## To do:
Output exactly the lines that run from the start of the records to the line with "Para servir, ponemos", counting both ends, and skip the pictures.

# # #

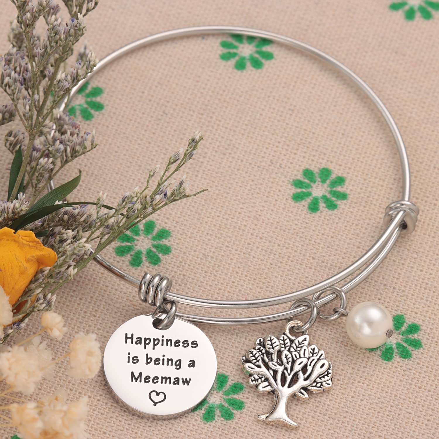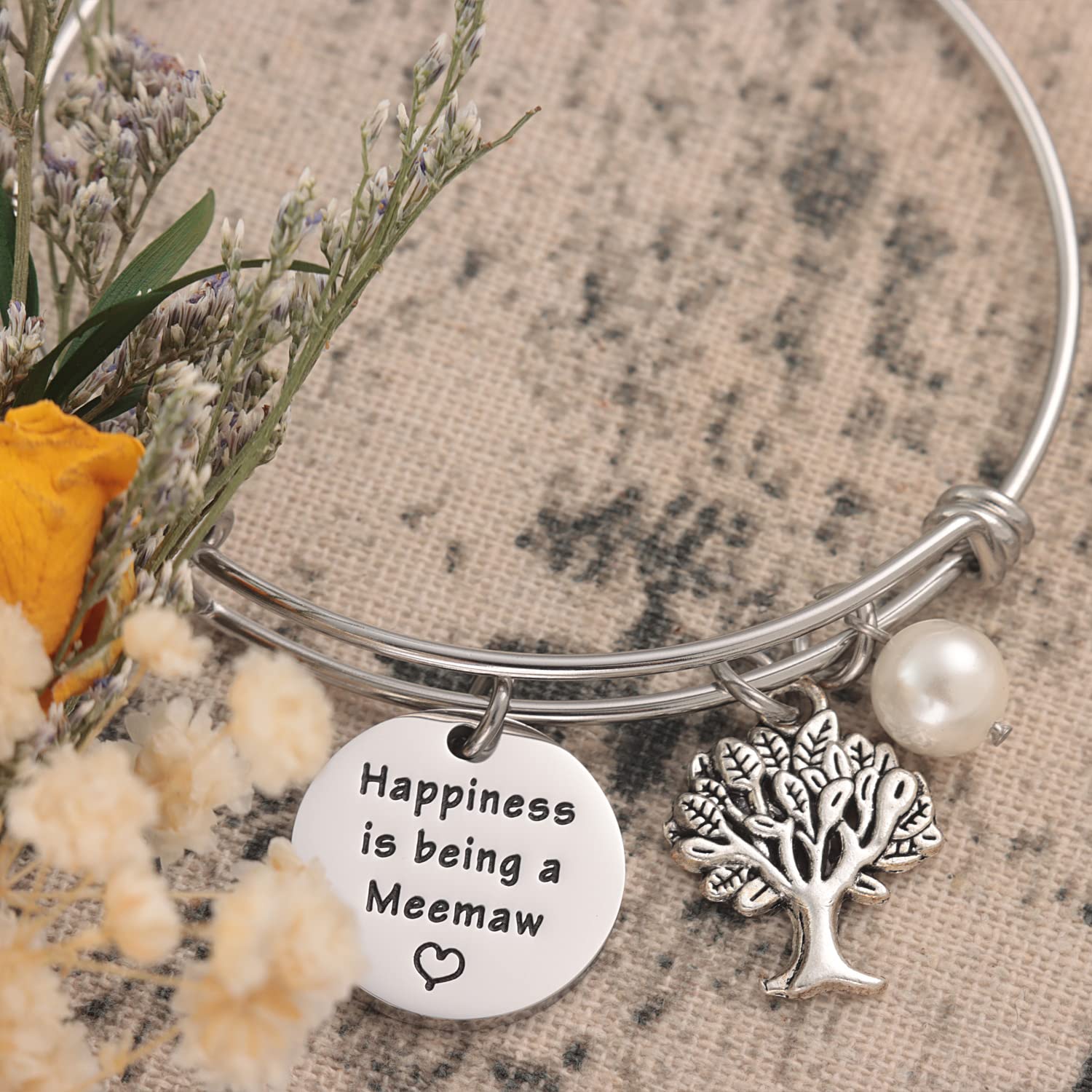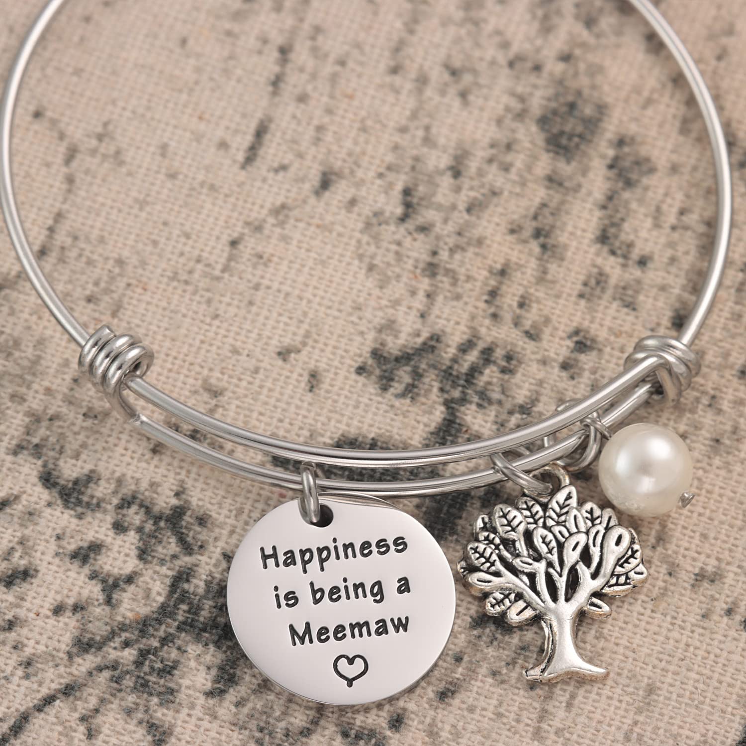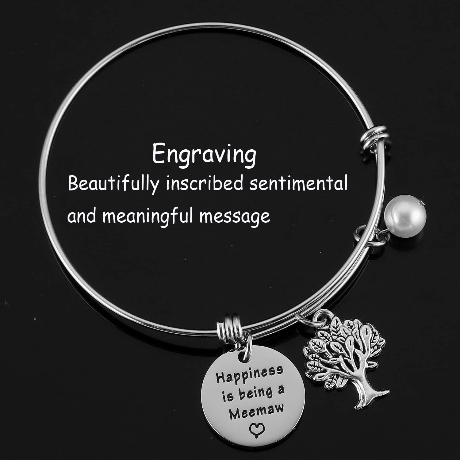 💗💗New Meemaw Jewelry For Best Grandma Birthday💗💗-------Engraved with the sentence “Happiness is being a Meemaw.”Best Gift for a grandma to be.Promoted to Grandma.The transition from mother to grandmother means the birth of a new baby and the arrival of a new life in the family, which is an exciting and unforgettable time. This unique bracelet is everything you've been looking for and is perfect for festival season!
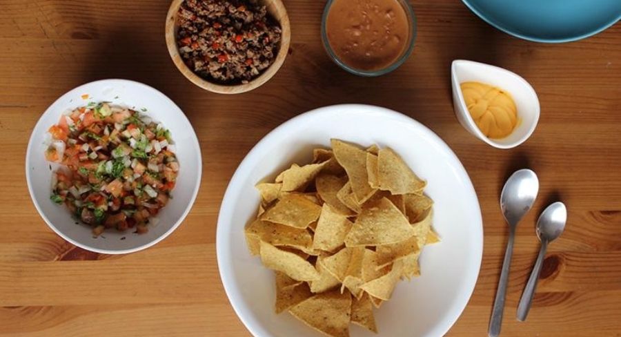 Para servir, ponemos en un recipiente de boca ancha los nachos y, empezamos a agregar todos los ingredientes poco a poco sobre estos. Servimos como haciendo círculos con la cuchara, para que no quede una torre de comida.
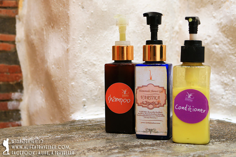 อุปกรณ์ในห้องน้ำครบถ้วนทุกอย่างครับ มาตัวเปล่าเข้าพักได้เลย และที่ถูกใจคือสบู่ แชมพู เป็นผลิตภัณฑ์จากสมุนไพรของที่นี่ผลิตเองโดยตรง หอมมากๆ
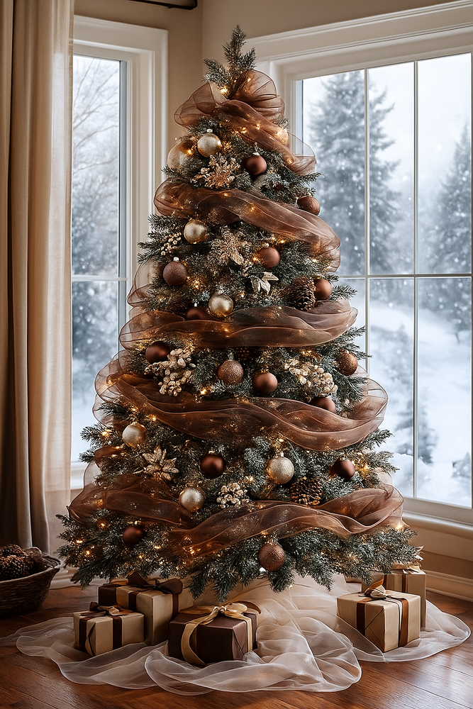 Rozłóż warstwę kremowej organzy pod drzewkiem zamiast klasycznej spódnicy – wygląda jak śnieżna mgiełka na podłodze.
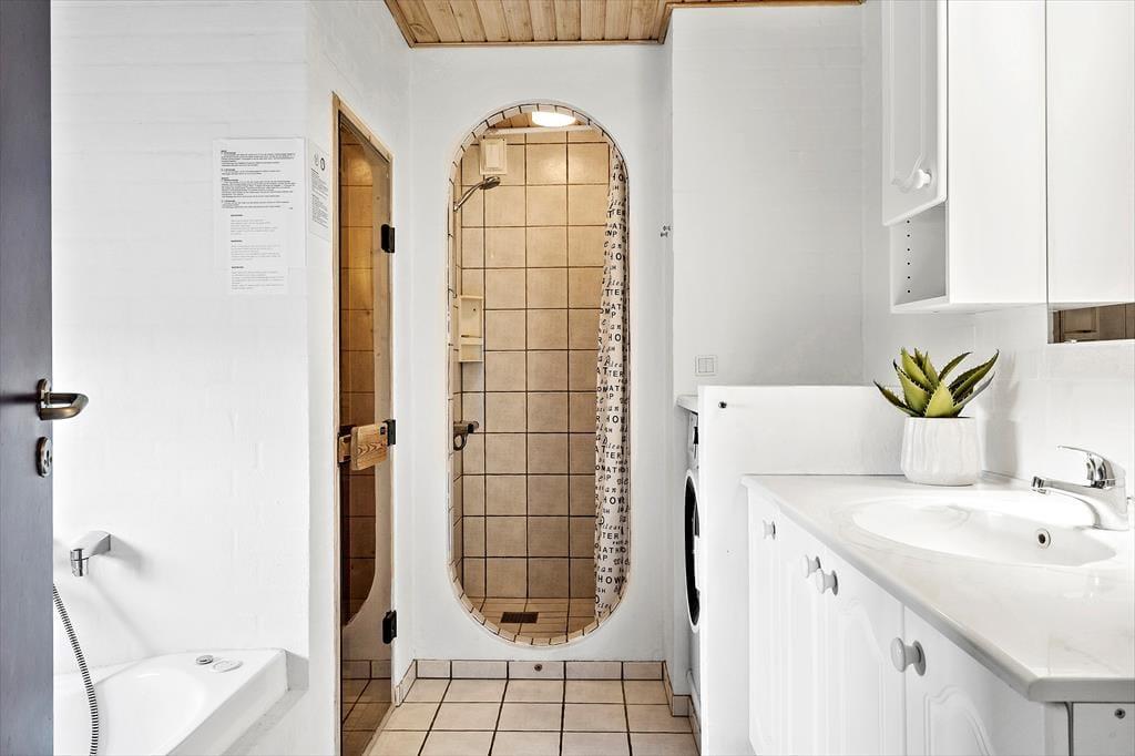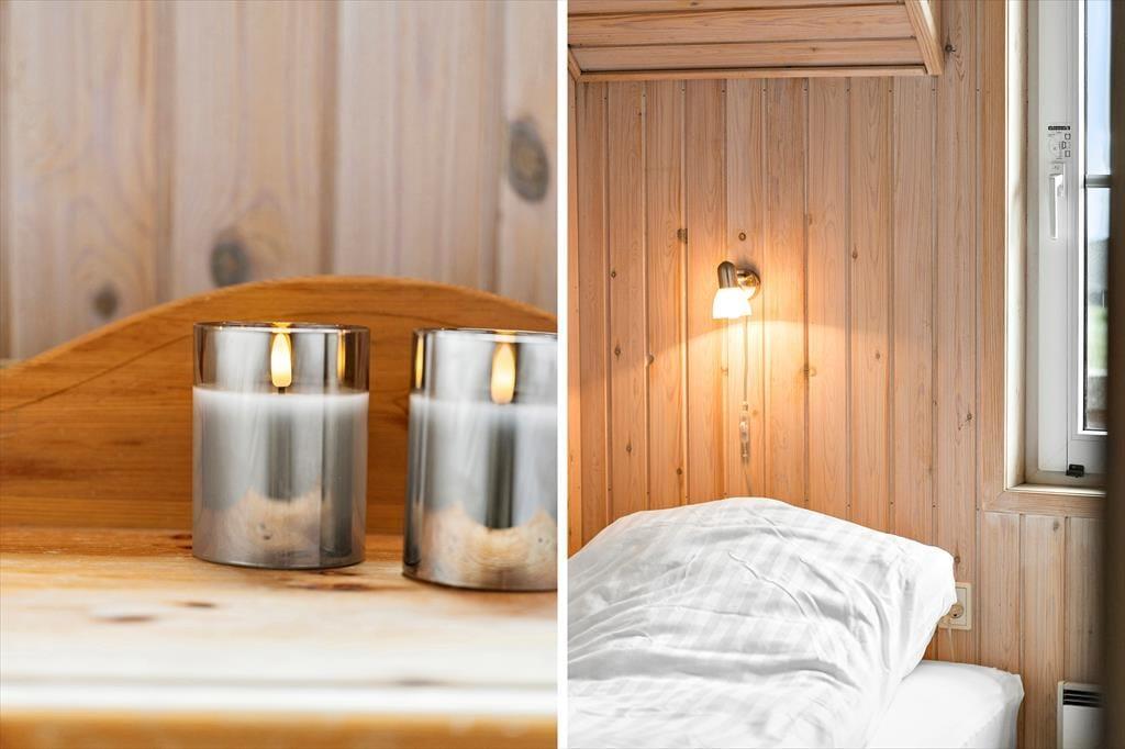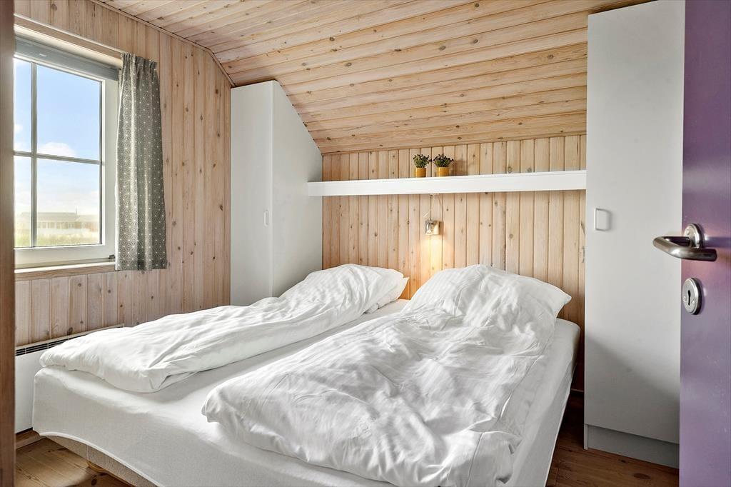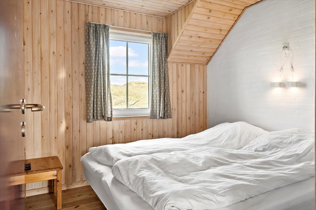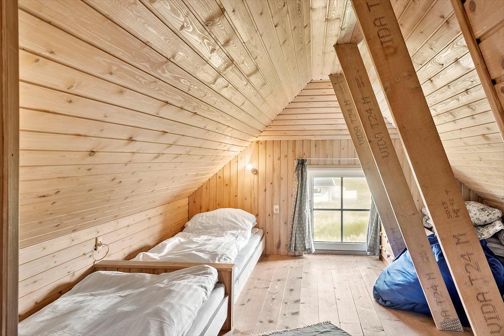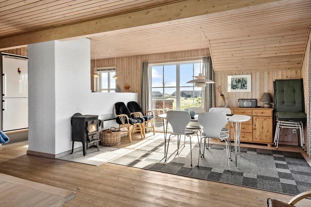 Inden døre i sommerhuset er der lys træbeklædning på væggene, og stuens Morsø-brændeovn og den åbne forbindelse til køkkenet er noget af det, der sætter en stemningsfuld og velfungerende ramme om driverlivet. Uanset om du er i gang med at bage boller eller bare sidder helt tilbagelænet i sofaen, kan du nyde udsigten til klitterne gennem vinduerne – og hvis du åbner havedøren, kan du mærke den friske, salte halvluft og duften af hybenroser ramme næseborene. Har du været ude for at gå tur, kan du varme dig og slappe helt af i spabadet og saunaen, og når det er ved at være sengetid, har du og dine kære ikke bare tre soveværelser, men også en rummelig hems at brede jer på– så alt i alt kan I være otte personer.
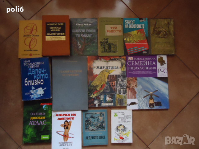 КНИГИ С ЦЕНА 2лв/бр : Масовата култура Богомил Райнов,Рязко Людмил Станев,Даяна нейният нов живот Андрю Мортън,След полунощ Лиляна Стефанова,Сезони Роза Манова, Глас Блага Димитрова ,Анри Барбюс Анета Видал,Маркс Енгелс Марксизъм Ленин,Утрото на хипертронна ера Петьо Добринов,Завръщане от житните поля Ладислав Фукс,Пред разсъмване Мао Дун,Планетата х потоп или спасение Григоров Тодорова,Вълча нежност Стеф Пени,Мениджмънт Камен Каменов,Математически игри Владимир Чуканов,Декоративно рибовъдство Марк Михалин,Бележити българи том3,Вдъхновения Иван Бухов,Вдъхновения 2 Иван Бухов,Ана-не Агустин Гомес Аркос,Павел Вежинов том1,Павел Вежинов том3,Замъкът на Шапкаря Арчибалд Кронин,Взаимозаменяеми резервни части за леки автомобили и мотоциклети,Здравко Сребров избрани повести и разкази,Политическа икономия на Капитализма ,100 шедьоври на славянската любовна лирика,Ленин том14,Убийства в библиотеката Джо Дереске,/////////КАШ3 Novell Net Ware ,Степ Чехов,Красивите чужди брегове Любен Станев,През Москва до Токио и Хирошима Т.Христов,Игриви хищници Иван Херан,SINGAPORE Guide Book,Система на националните сметки Велина Балева Пенчо Иванов,Кой ще бъде благословен - библейски разкази,Божии обещания - библейски разкази,Спайдърмен брой22,Африкански приказки,КНИГИ ПО 3лв/бр Момичето с перлената обица Трейси Шевалие,Висша математика част 4,Мъртви преди мрак Шарлейн Харис,Моя любима Джесика Сандра Филипсън,Невинни години Едит Уортън,Горещо лято Линда Хауърд,Оноре дьо Балзак том 2,MS-DOS 5,0 Йозеф Щайнер,Бързам да порасна Виолета Борисова,История на всесъюзната комунистическа партия,Любимо от родната кухня Манчев и Шишков,Речник за кръстословици 45 хиляди думи,Практическо помагало за решаване на кръстословици,Вечната Амбър Катлийн Уиндзор,Смъртта на един пчелар Ларш Густафсон,Краткий физико-технический справочник,КНИГИ ПО 4лв/бр: Въздействие Джейн Остин ,Димитър Талев Светослав Минков Димитър Димов в спомените на съвременниците,Сините поля те чакат Клеър Кийган,Три радости Горчивкин,Езикът на жестовете Александър Вем,Джери островитянина Джек Лондон,Далечното Близко Иля Репин,Техническое Черчение Могильньй /Техническо чертане/,Жар птица ,Илюстрована семейна енциклопедия том12,Джобен атлас Оксфорд,Азбука на диетите,Ледено шосе Ариф Сапаров,Ако импресионистите бяха зъболекари Уди Алан,КНИГИ ПО 5лв/бр С твоята усмивка Надя Кехлибарова,На Ловъ за мечки Майн Рид,Манхатън почти събитие Палми Ранчев,Поетичен Букет Райко Божанов,Сергей Есенин стихотворения и поэмь,Зад завесата на соца Калин Тодоров,Интерпол вчера сегодня завтра Родионов,Нещо лично Лий Чайлд,Кралица Елизабета Литънъ Стречи,По стъпките на елените Шахов,Видин мост Янчо Янчев,Уинстън Чърчил мемоари том3,Папа Йоан Павел 2 поезия есета драма,На пътя без компас Любен Недков,Системи за проектиране в микроелектрониката,История на света Праисторически свят ,/// лично предаване в Надежда 2 на Фантастико или метростанция Надежда
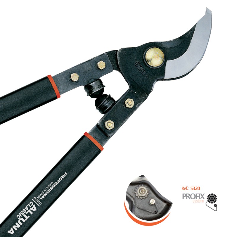 Tijera poda Dos manos Altuna 5320 .Tijera de podar dos manos Classic Profesional. Con corte de precisión Cabeza de corte forjada y lengüeta de ajuste Profix. Sistema de corte Bypass, para uso en poda verde, árboles, olivos, frutales, viñedos. Medida Largo 42 cm . Diámetro máximo de la rama 35 mm.
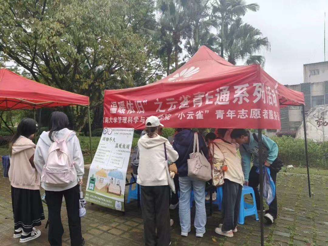 2026年4月14日,重庆工商大学南岸校区暖意涌动。管理科学与工程学院“小云雀”青年志愿者服务队,在博智楼前顺利开展“旧物不旧,温暖依旧”之云雀青E通系列活动。志愿者们以实际行动倡导绿色低碳理念,盘活校园闲置资源,让旧物焕发新生,让公益温暖传递校园。
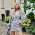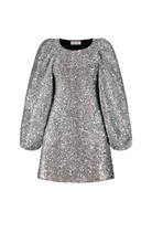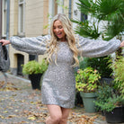 De Shimmer Dress is de party dress voor de komende feestelijke dagen. Het materiaal is all over gecovered in zilveren pailletten. Door de licht gepofte vorm en subtiele plooien bij de schouders krijgen de mouwen een speelse, maar luxe uitstraling. Aan de manchetten zit elastiek, waardoor je de mouwen ook weer omhoog kan stylen. De hals is rond en aangesloten.
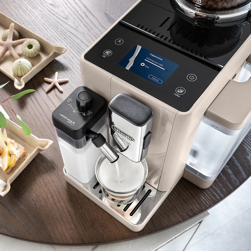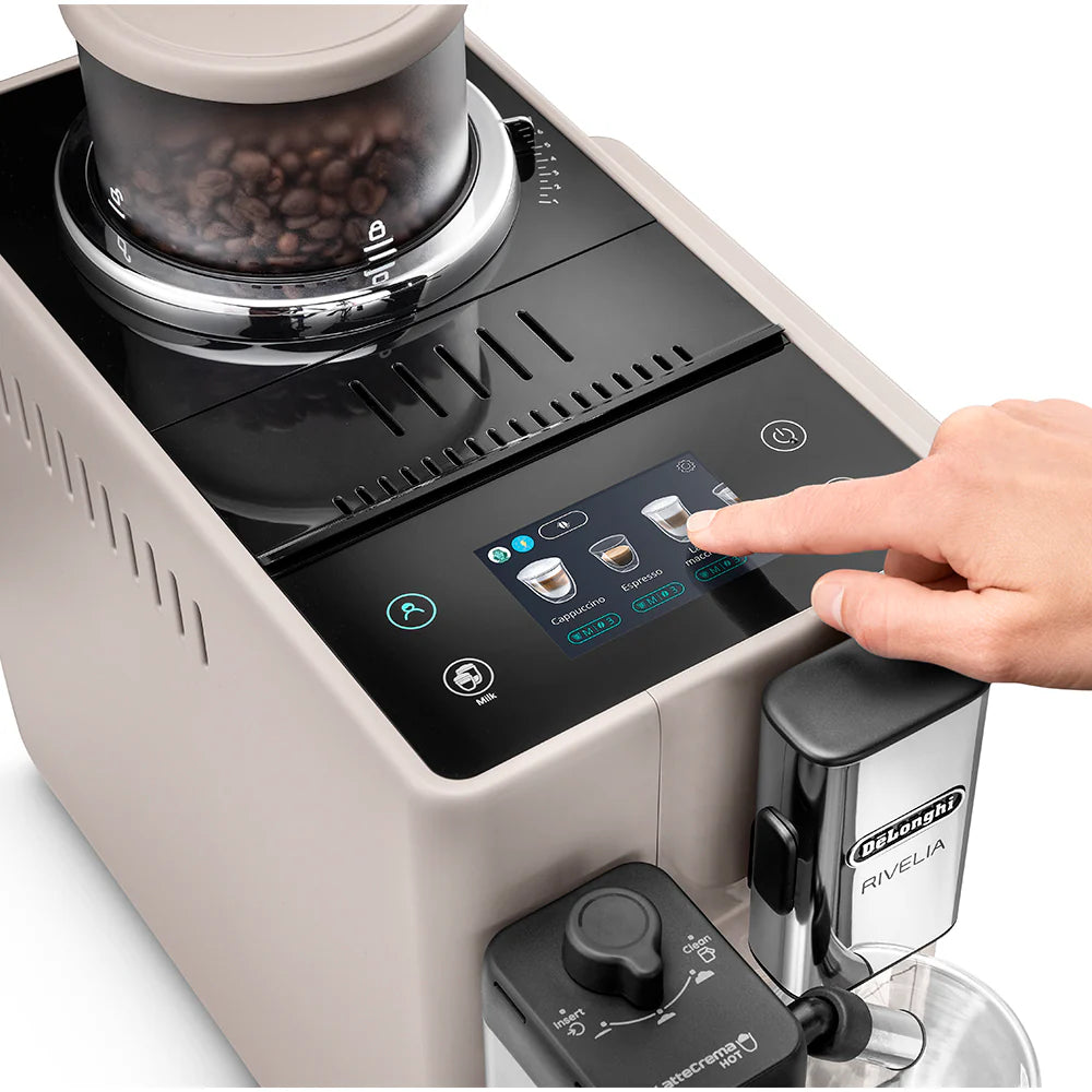 Immerse yourself in the world of coffee with Rivelia. Explore infinite bean varieties with Bean Switch System, enjoy an immersive experience with a 3.5" full-touch colour display, with rich animations and coffee routines tailored to you. Top your milk-based drinks with fine rich foam using LatteCrema Hot Technology, in a compact machine that fits your style, Bean Switch System lets you easily switch and explore different bean varieties,LatteCrema Hot automatically delivers a fine rich hot milk foam, with one touch automatic cleaning.

# # #

## Final answer:
 💗💗New Meemaw Jewelry For Best Grandma Birthday💗💗-------Engraved with the sentence “Happiness is being a Meemaw.”Best Gift for a grandma to be.Promoted to Grandma.The transition from mother to grandmother means the birth of a new baby and the arrival of a new life in the family, which is an exciting and unforgettable time. This unique bracelet is everything you've been looking for and is perfect for festival season!
 Para servir, ponemos en un recipiente de boca ancha los nachos y, empezamos a agregar todos los ingredientes poco a poco sobre estos. Servimos como haciendo círculos con la cuchara, para que no quede una torre de comida.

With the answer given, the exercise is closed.